■ EXERCISE PROMPT:
Look below for the line that contains "What I discovered" and the line that contains "- Limitez l’exposition", then restate both of them and every line in between, exactly. No picture goes in the copy.

-------- RECORD EXTRACTS --------

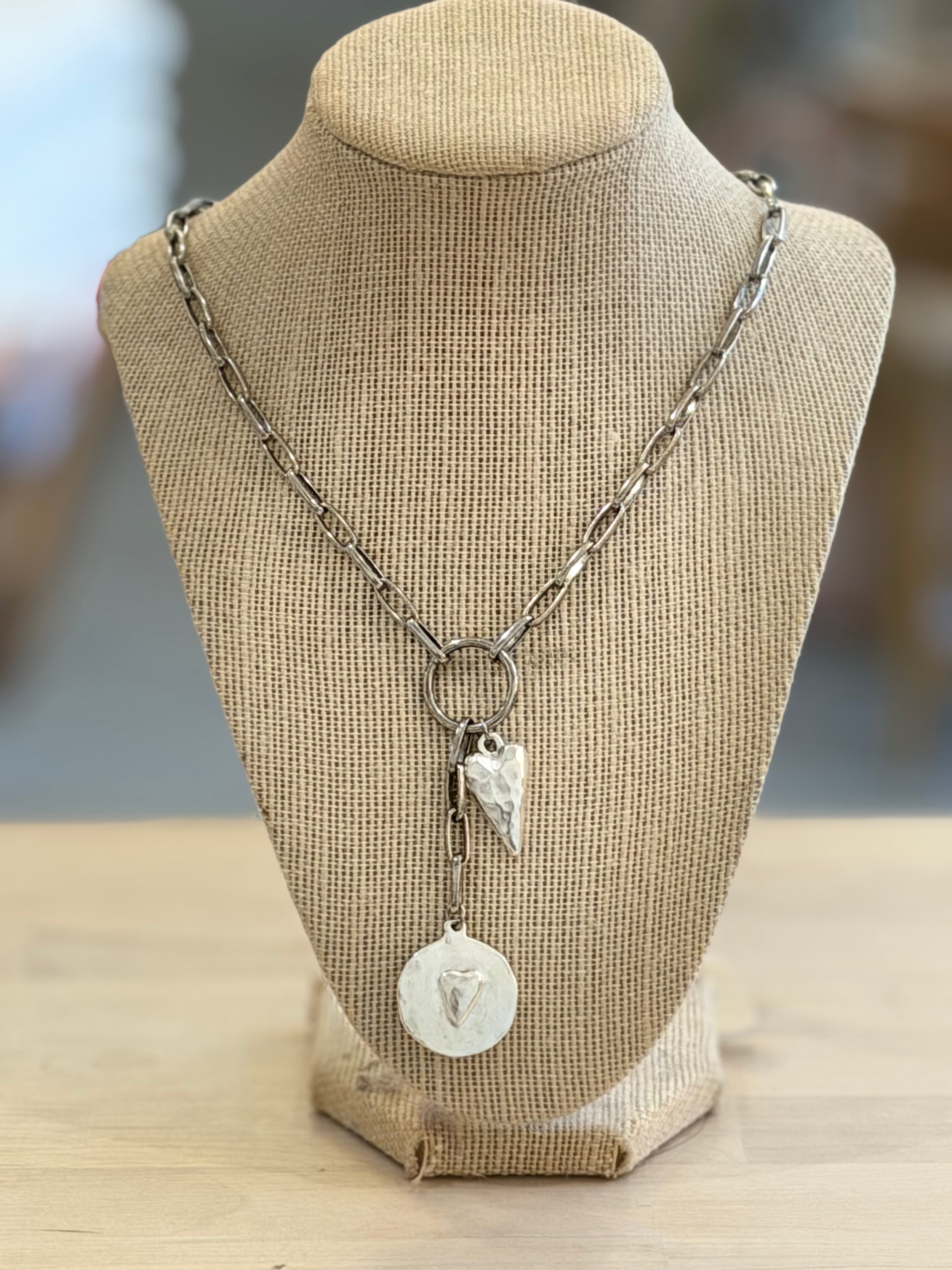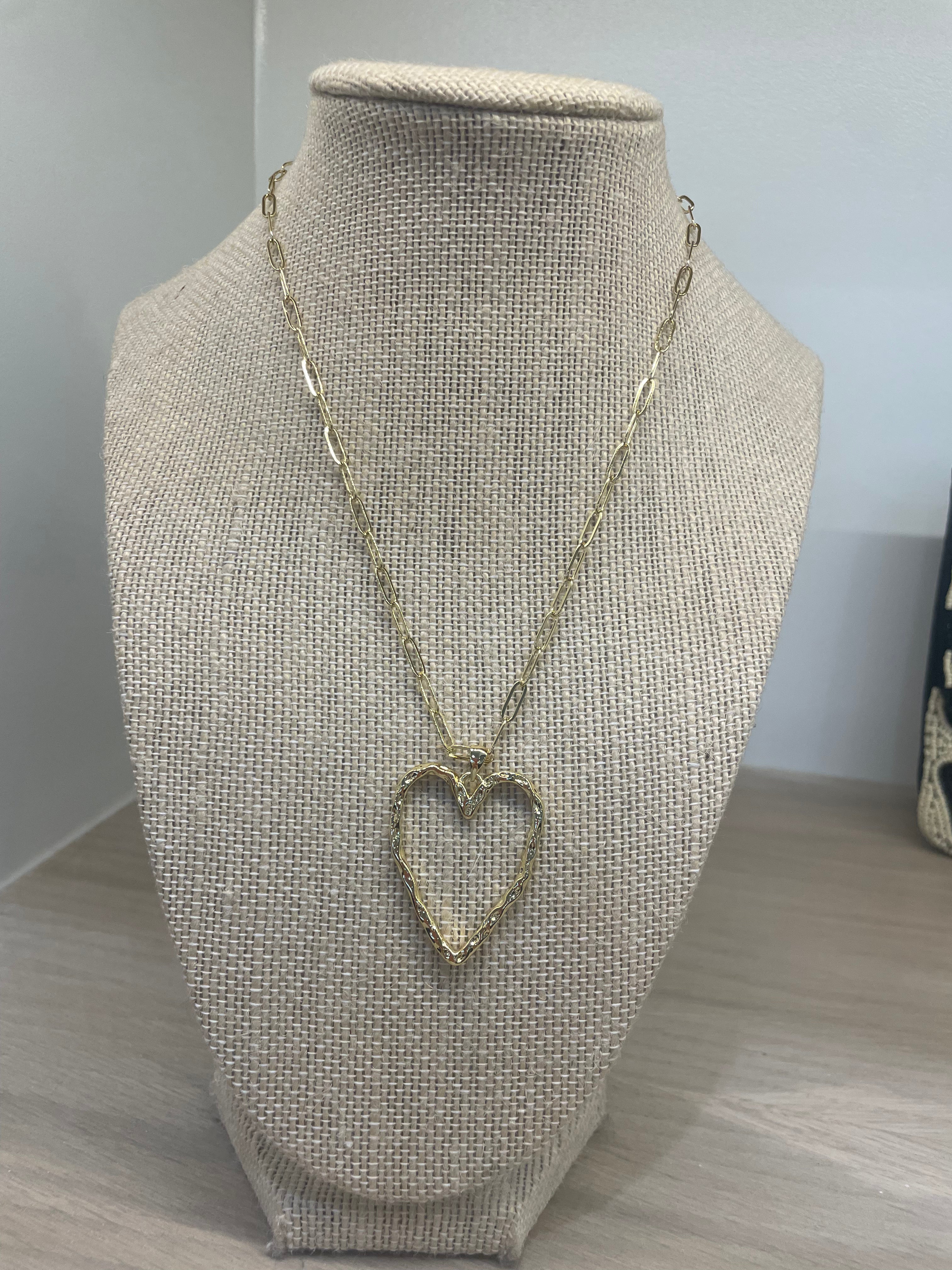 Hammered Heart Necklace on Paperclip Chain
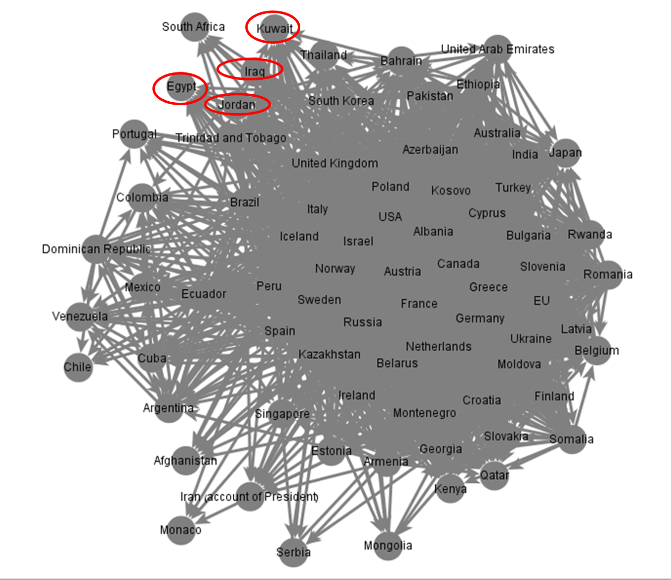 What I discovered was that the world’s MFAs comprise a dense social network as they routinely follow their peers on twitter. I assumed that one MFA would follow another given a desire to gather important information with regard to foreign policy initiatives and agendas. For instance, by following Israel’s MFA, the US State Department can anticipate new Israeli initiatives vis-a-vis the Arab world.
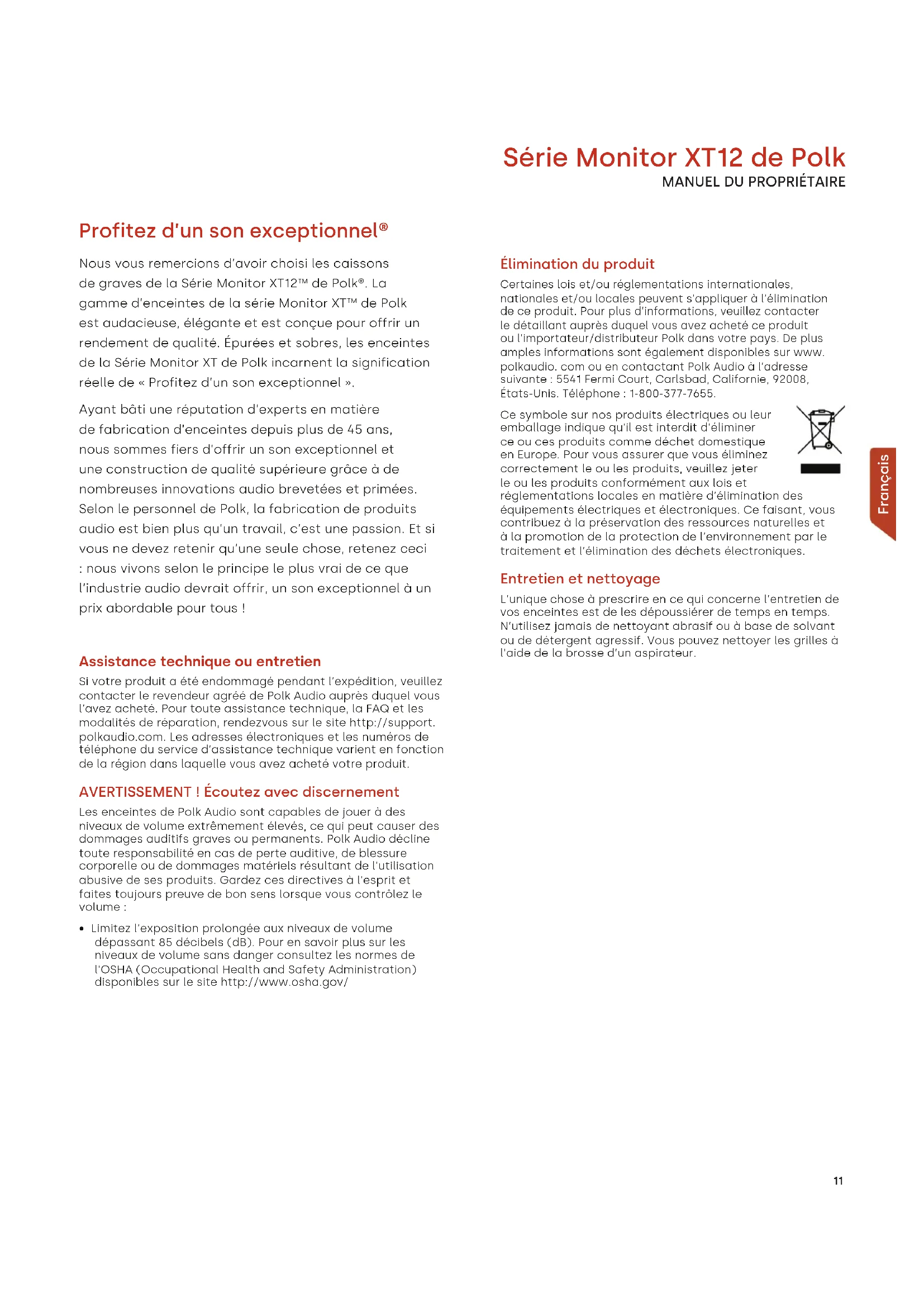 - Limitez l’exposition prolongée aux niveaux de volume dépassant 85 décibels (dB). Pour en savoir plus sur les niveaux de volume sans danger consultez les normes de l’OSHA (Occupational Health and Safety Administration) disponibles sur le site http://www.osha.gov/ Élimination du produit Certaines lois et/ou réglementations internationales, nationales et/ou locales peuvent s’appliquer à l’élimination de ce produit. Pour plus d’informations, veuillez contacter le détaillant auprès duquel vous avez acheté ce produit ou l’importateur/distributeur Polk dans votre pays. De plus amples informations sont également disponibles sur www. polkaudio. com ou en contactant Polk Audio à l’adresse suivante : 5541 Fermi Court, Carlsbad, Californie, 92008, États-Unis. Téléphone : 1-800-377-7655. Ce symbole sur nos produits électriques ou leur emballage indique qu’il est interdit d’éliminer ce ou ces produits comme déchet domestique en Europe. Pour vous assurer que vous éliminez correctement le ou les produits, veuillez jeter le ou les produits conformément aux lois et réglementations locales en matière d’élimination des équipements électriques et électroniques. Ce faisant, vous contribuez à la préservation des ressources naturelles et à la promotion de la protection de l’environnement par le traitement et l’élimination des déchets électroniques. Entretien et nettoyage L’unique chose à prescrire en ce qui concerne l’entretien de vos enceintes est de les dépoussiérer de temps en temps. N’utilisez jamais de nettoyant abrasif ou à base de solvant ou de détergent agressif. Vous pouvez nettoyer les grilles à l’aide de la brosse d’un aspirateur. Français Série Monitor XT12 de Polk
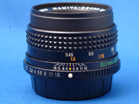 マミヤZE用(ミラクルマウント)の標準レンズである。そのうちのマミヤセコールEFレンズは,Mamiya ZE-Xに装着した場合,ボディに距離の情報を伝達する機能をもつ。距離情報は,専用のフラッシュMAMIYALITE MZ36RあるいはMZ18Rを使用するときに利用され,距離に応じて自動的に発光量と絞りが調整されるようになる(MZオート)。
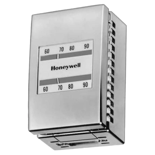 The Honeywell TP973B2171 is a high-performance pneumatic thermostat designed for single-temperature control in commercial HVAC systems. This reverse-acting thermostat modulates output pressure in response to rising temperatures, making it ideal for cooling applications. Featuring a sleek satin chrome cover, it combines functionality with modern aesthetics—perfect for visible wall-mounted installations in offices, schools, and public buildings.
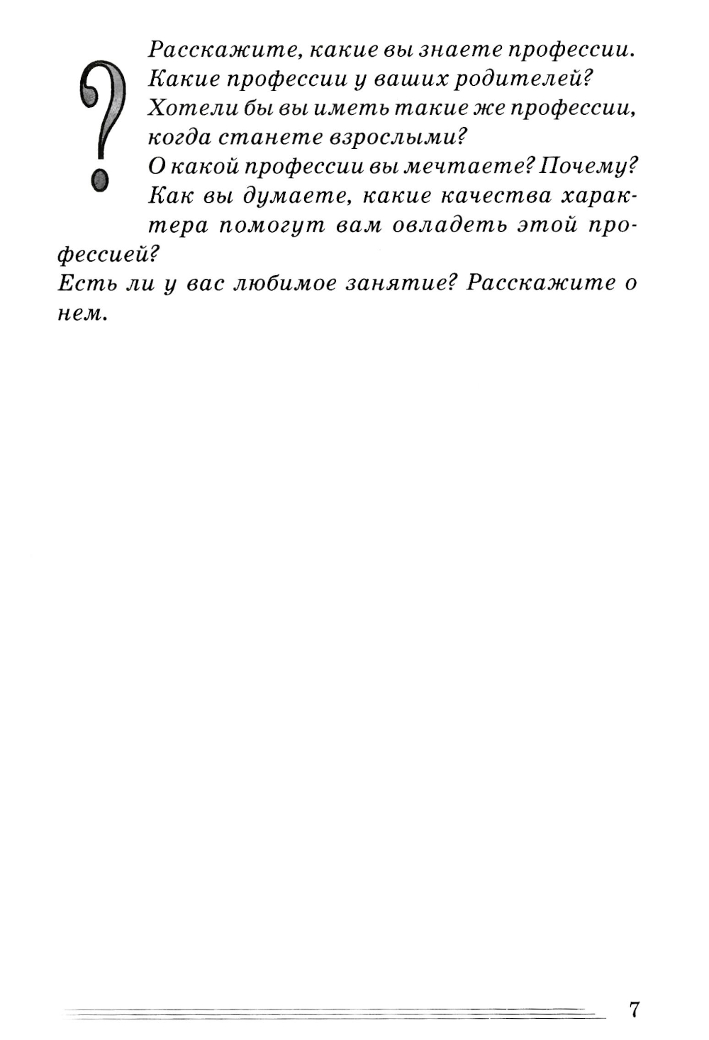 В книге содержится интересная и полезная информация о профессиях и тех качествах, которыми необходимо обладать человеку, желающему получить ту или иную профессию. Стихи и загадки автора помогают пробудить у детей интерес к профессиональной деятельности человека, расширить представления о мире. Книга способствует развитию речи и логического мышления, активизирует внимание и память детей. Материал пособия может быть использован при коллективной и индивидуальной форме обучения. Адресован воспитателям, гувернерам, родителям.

--------

■ SOLUTION FOR THIS PROBLEM:
 What I discovered was that the world’s MFAs comprise a dense social network as they routinely follow their peers on twitter. I assumed that one MFA would follow another given a desire to gather important information with regard to foreign policy initiatives and agendas. For instance, by following Israel’s MFA, the US State Department can anticipate new Israeli initiatives vis-a-vis the Arab world.
 - Limitez l’exposition prolongée aux niveaux de volume dépassant 85 décibels (dB). Pour en savoir plus sur les niveaux de volume sans danger consultez les normes de l’OSHA (Occupational Health and Safety Administration) disponibles sur le site http://www.osha.gov/ Élimination du produit Certaines lois et/ou réglementations internationales, nationales et/ou locales peuvent s’appliquer à l’élimination de ce produit. Pour plus d’informations, veuillez contacter le détaillant auprès duquel vous avez acheté ce produit ou l’importateur/distributeur Polk dans votre pays. De plus amples informations sont également disponibles sur www. polkaudio. com ou en contactant Polk Audio à l’adresse suivante : 5541 Fermi Court, Carlsbad, Californie, 92008, États-Unis. Téléphone : 1-800-377-7655. Ce symbole sur nos produits électriques ou leur emballage indique qu’il est interdit d’éliminer ce ou ces produits comme déchet domestique en Europe. Pour vous assurer que vous éliminez correctement le ou les produits, veuillez jeter le ou les produits conformément aux lois et réglementations locales en matière d’élimination des équipements électriques et électroniques. Ce faisant, vous contribuez à la préservation des ressources naturelles et à la promotion de la protection de l’environnement par le traitement et l’élimination des déchets électroniques. Entretien et nettoyage L’unique chose à prescrire en ce qui concerne l’entretien de vos enceintes est de les dépoussiérer de temps en temps. N’utilisez jamais de nettoyant abrasif ou à base de solvant ou de détergent agressif. Vous pouvez nettoyer les grilles à l’aide de la brosse d’un aspirateur. Français Série Monitor XT12 de Polk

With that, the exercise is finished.